As for your story premise, while it sounds entertaining, I have to point out two facts. First, New Orleans is not named after the city, but the Duc d'Orleans, Regent for Louis XV. (It was something of an inside joke by Bienville, hence why New Orleans is the only French city that has a feminine gender--Nouvelle Orleans. If you know anything about the Regent, you understand the joke.)

There is no political reason to name it New Bordeaux. And, New Orleanians wouldn't accept a change other than, say, New Paris.

As for the Casquette Girls, none actually came to New Orleans, despite popular myth. They went to Biloxi, prior to the founding of the city in 1719. And, the program was long over by your timeline. It didn't survive the first proprietorship, much less John Law's better known debacle, The Company of the Mississippi.

Plenty of women came to New Orleans, so you can use the topic. Just not that name.
 
Louisiana, as we know, was transfered to Spain--officially--to compensate the Iberians for the loss of Florida in the Seven Years War. Unofficially, it was to stop the British from controlling the Mississippi Valley. Under the Bourbon Family Compact, there was a feeling in the court of Louis XV that the colony could be returned from his first cousin if needed.

However, owning Louisiana would still cost the French crown vast sums of money, with little return. The Spanish could justify the colony as a buffer for Mexico. The French had no military/financial justification. It was a constant money loser during the French colonial period. Remember, New Orleans did not become profitable as a port for the Spanish until well into the 1790s.

In theroy, the Spainsh could have returned the colony to France sometime during the American Revolution, when New Orleans was the main entrepot for weapons sumuggling to Continental Forces on the Trans- Appalachian Front. That's the minor counterfactual, and it would require France to surrender one of their profitable colonies. They didn't have much to give, and certainly were not going to surrender Saint Dominque, which provided 1/4 of the national reveunes (thanks to stratospheric sugar imports prices in Europe).

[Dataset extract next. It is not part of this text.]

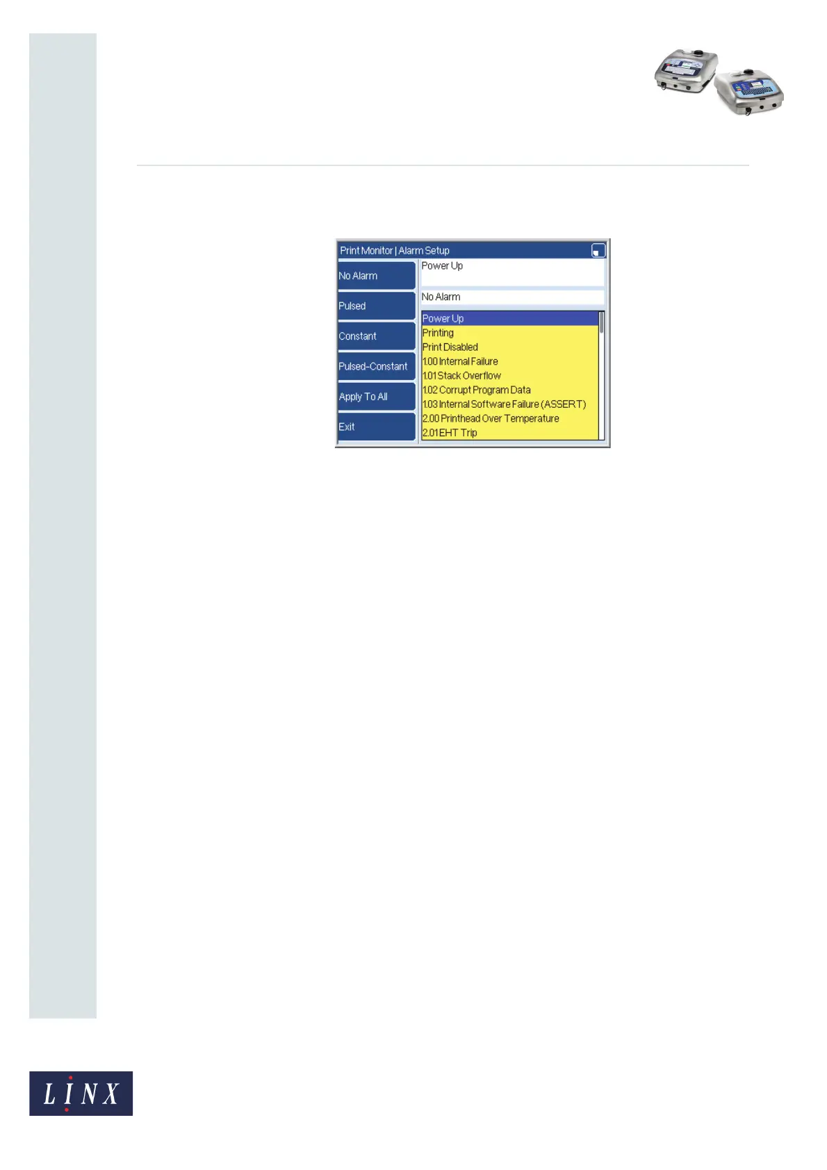 use only the ‘Pulsed’ setting or the ‘No Alarm’ setting. The Apply To All key does

The non-transfer to Spain, after the Seven Years war, would have only come from Louis XV accepting the appeal of a delegation of New Orleanians, led by the founder of the city Bienville, not to transfer to Spainsh control. (They tried; he said no; they consequently planned a rebellion against Spain.) By the time the Revolt of 1768 occurs, and "Bloody" O'Reilly puts down the First American Revolution (as it is often called in the Crescent City), it is too late. The Spanish had to sail nearly every soldier in the Indies. They won't just give up then. Hidalgo pride, even if their commander was an Irishman from Cork.

The only other point of departure would be serious butterflies from a less successful British triumph in the Seven Years War. That would create a far different world.

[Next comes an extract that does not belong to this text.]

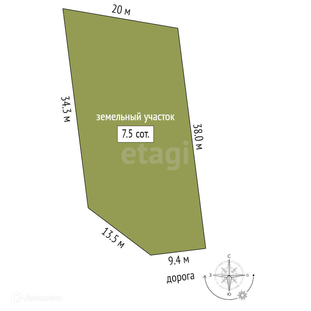 Площадь участка 7.5 сот.

As for your story premise, while it sounds entertaining, I have to point out two facts. First, New Orleans is not named after the city, but the Duc d'Orleans, Regent for Louis XV. (It was something of an inside joke by Bienville, hence why New Orleans is the only French city that has a feminine gender--Nouvelle Orleans. If you know anything about the Regent, you understand the joke.)

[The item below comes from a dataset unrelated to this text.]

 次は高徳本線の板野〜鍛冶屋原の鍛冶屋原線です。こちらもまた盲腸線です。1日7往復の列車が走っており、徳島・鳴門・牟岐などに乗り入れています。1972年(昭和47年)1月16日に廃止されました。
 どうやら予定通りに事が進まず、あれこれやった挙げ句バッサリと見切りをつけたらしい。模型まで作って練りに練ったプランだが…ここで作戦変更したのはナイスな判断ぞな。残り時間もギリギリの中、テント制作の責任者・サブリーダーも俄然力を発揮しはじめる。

There is no political reason to name it New Bordeaux. And, New Orleanians wouldn't accept a change other than, say, New Paris.

As for the Casquette Girls, none actually came to New Orleans, despite popular myth. They went to Biloxi, prior to the founding of the city in 1719. And, the program was long over by your timeline. It didn't survive the first proprietorship, much less John Law's better known debacle, The Company of the Mississippi.

Plenty of women came to New Orleans, so you can use the topic. Just not that name.

So I suppose I could go with "less successful British triumph in the Seven Years' War". Research! Yay! (Can anyone recommend a good book?) On the New Orleans thing, do you mean that the only thing New Orleanians would accept as a name change would be New Paris (after the title holder of Count of Paris, another French royal title?) ETA: Looked up the regent Duc d'Orleans. Is the joke a reference to the fact that he had illegitimate children?)